Source records
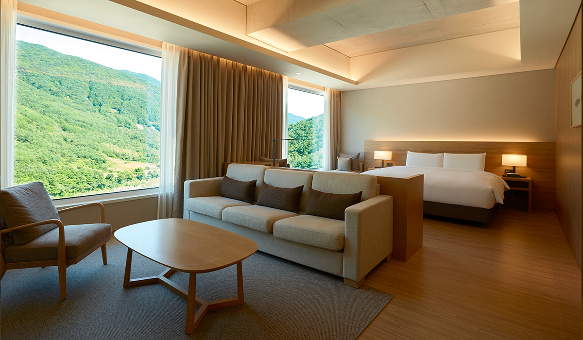 객실은 자연스러운 우드 계열의 가구를 비치했으며, 따듯한 색감의 조명을 사용해 편안한 분위기를 연출함과 동시에 창 밖의 마운틴 뷰와 잘 어우러져 보기만 해도 마음이 평온해질 거다.
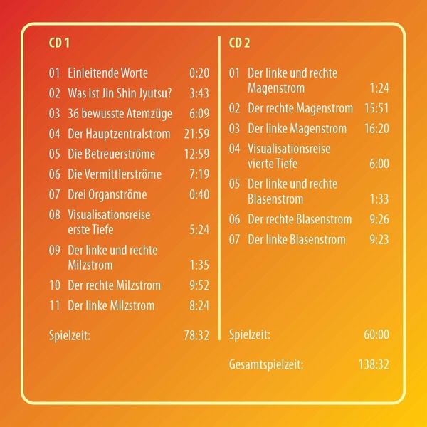 Dieses Audio-Programm auf zwei CDs dient dem Hörer als perfekter Leitfaden, um die ursprüngliche Fähigkeit des intuitiven Heilens zu erfahren. Entspannungs- und Atemübungen bereiten auf den Prozess der Selbstheilung vor. Die praktischen Griffe zur Harmonisierung der Lebensenergie kann man beim Zuhören sofort mit seinen eigenen Händen anwenden. Die hochwertige Aufnahmequalität mit professioneller Sprecherin bietet höchsten Hörkomfort. Die beiden Audio-CDs werden im hochwertigen Digi-Pack angeboten.
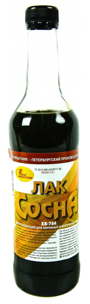 Лак ХВ-784 НОВБЫТХИМ по дереву сосна 0,5 л (арт. 3950) предназначен для тонирования и защиты деревянных изделий, эксплуатирующихся в атмосферных условиях и внутри помещений. Придаёт благородный оттенок деревянным изделиям. Для изменения интенсивности цвета покрытия тонированный лак можно разбавлять лаком бесцветным. Если необходимо подчеркнуть текстуру древесины, рекомендуется наносить бесцветный лак на дерево, предварительно обработанное водными или неводными морилками или использовать тонированный лак. Непригоден для лакировки полов.
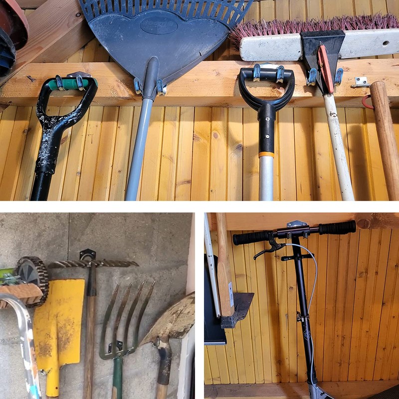 ▷ These garden garage tool hooks are perfect for use in sheds, garages, farms, workbenches, tool storage and workshops as they provide easy storage and easy access to your needed tools.
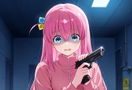 Trigger word: handgun, holding weapon, holding gun, hands up,
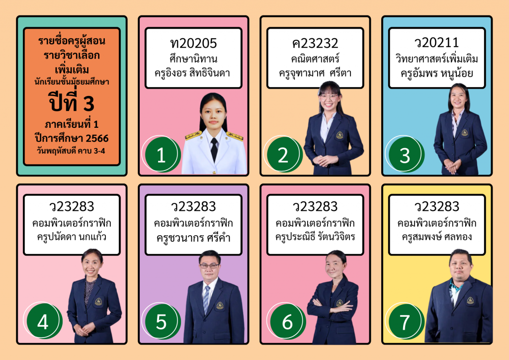 คำอธิบายรายวิชา-วิชาเพิ่มเติม-ม.3-66ดาวน์โหลด ลงทะเบียนเลือกวิชาเรียนที่นี่ (ปิดระบบการลงทะเบียนแล้ว) 📢 ประกาศรายชื่อนักเรียน 📢 ประกาศรายชื่อ-ม.3ดาวน์โหลด แนะแนวเรื่อง การปฐมนิเทศนักเรียนระดับชั้นมัธยมศึกษาปีที่ 1 และชั้นมัธยมศึกษาปีที่ 4 ประจำปีการศึกษา 2566 ประชาสัมพันธ์รายวิชาเลือกเสรี ม.2
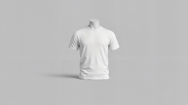 Man presenting a blank white t shirt from the front and back, providing a template for custom designs and branding opportunities against a gray background
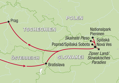 Majestätisch erheben sich die Gipfel der Hohen Tatra, der höchsten Erhebung der Karpaten, über das grüne Herz der Slowakei. Diese Reise führt Sie in eine der schönsten und ursprünglichsten Bergregionen Mitteleuropas. Umgeben von klaren Seen, tiefen Wäldern und spektakulären Panoramen erleben Sie echte Naturschönheiten – aber auch kulturelle Glanzlichter. Denn neben der beeindruckenden Tatra-Region besuchen Sie zwei europäische Metropolen – die beiden lebendigen und zugleich geschichtsträchtigen Hauptstädte Bratislava und Prag. Eine abwechslungsreiche Reise für Naturfreunde, Genießer und Entdecker!
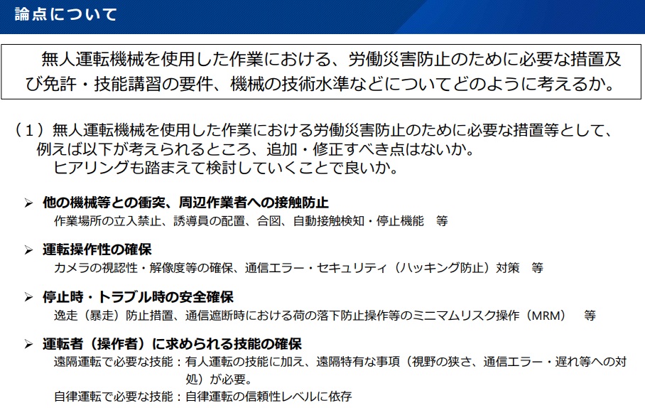 まず車両系建設機械など遠隔・無人運転を行うユーザー・メーカーから、開発・使用・規制の状況などを聴取。災害防止の観点で、個別に必要な法令措置、免許・技能講習の要件、無人運転機械の技術水準などについて検討する。
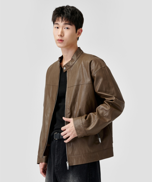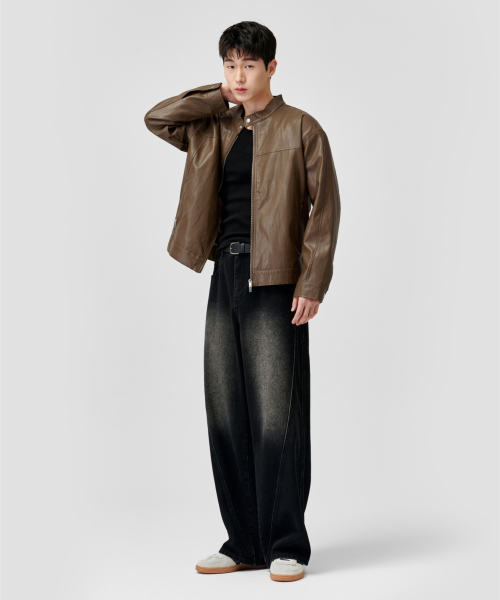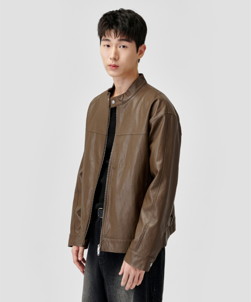 465-3 VEGAN LEATHER OVERFIT JACKET_BLACK
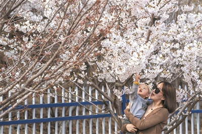 近日,山西省太原市玉泉山城郊森林公园栽植的近25万株各类樱花竞相盛开,吸引不少市民前来观赏。
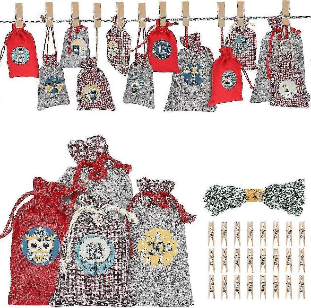 [DIY Christmas Advent Calendar] includes 24 Advent calendar bags,24 number stickers (December 1-24),24 wooden clips and 10 meters of string . Our Christmas Advent Calendar Gift Bag is a fun way to help your kids celebrate. calculate the days before Christmas and bring a cozy and warm atmosphere to your home. your Christmas holiday.^
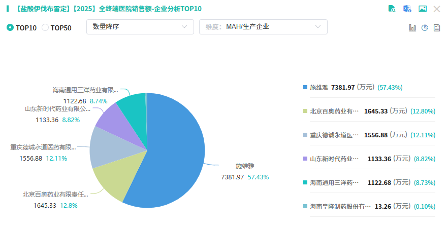 一、院内峰值超3亿元,原研57.43%市场份额领跑
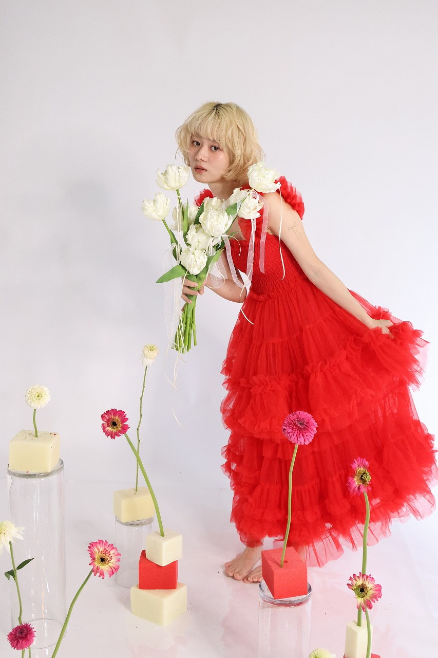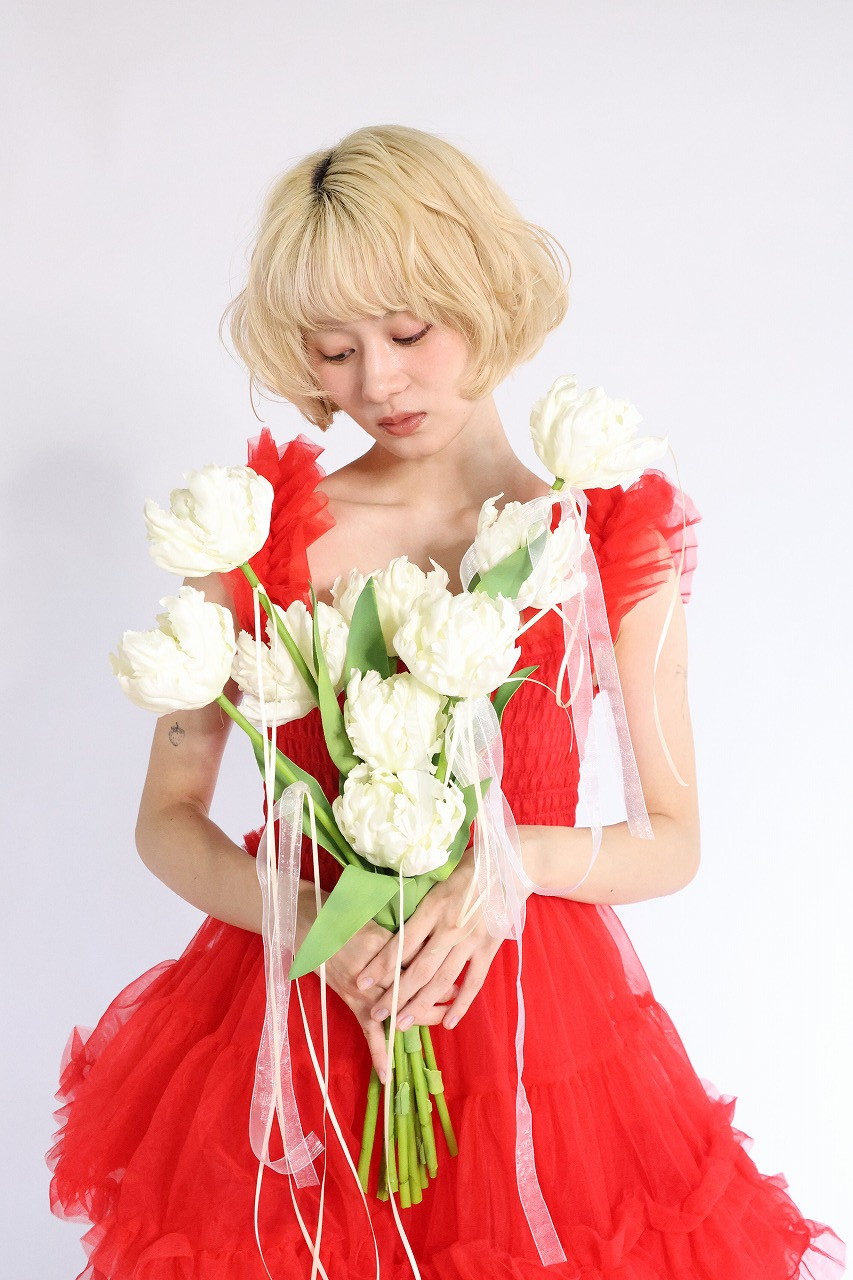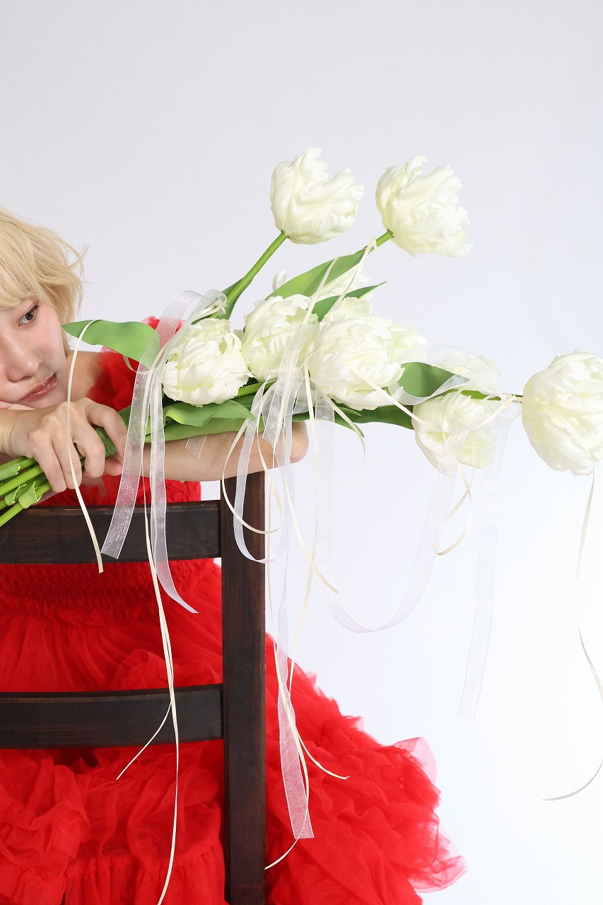 八重咲きチューリップのクラッチリボンブーケ
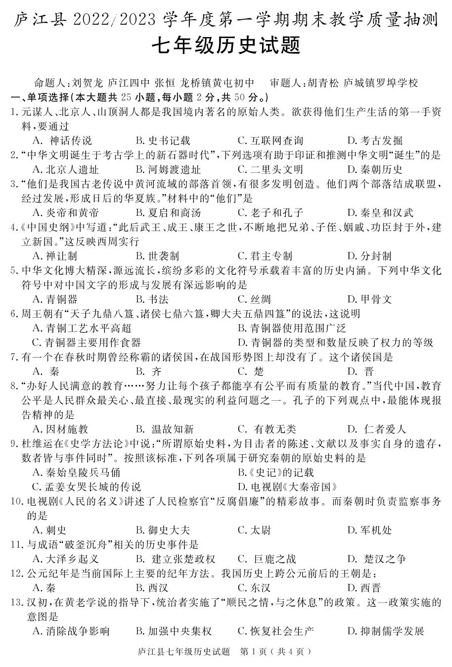 安徽省合肥市庐江县2022-2023度第一学期期末教学质量抽测七年级历史(人教版)
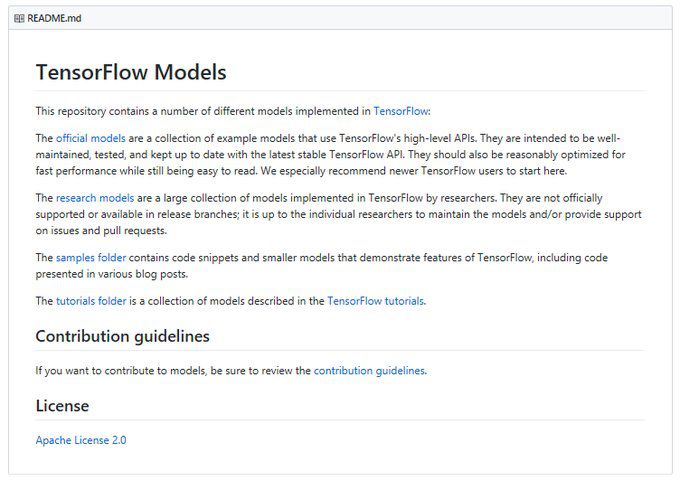 网址是:https://github.com/tensorflow/models

* [What the exercise asks] Each line from the one bearing "近日,山西省太原市玉泉山城郊" through the final line of the records is to be copied exactly, and no pictures are to be included.

* [Response to this task]
 近日,山西省太原市玉泉山城郊森林公园栽植的近25万株各类樱花竞相盛开,吸引不少市民前来观赏。
 [DIY Christmas Advent Calendar] includes 24 Advent calendar bags,24 number stickers (December 1-24),24 wooden clips and 10 meters of string . Our Christmas Advent Calendar Gift Bag is a fun way to help your kids celebrate. calculate the days before Christmas and bring a cozy and warm atmosphere to your home. your Christmas holiday.^
 一、院内峰值超3亿元,原研57.43%市场份额领跑
 八重咲きチューリップのクラッチリボンブーケ
 安徽省合肥市庐江县2022-2023度第一学期期末教学质量抽测七年级历史(人教版)
 网址是:https://github.com/tensorflow/models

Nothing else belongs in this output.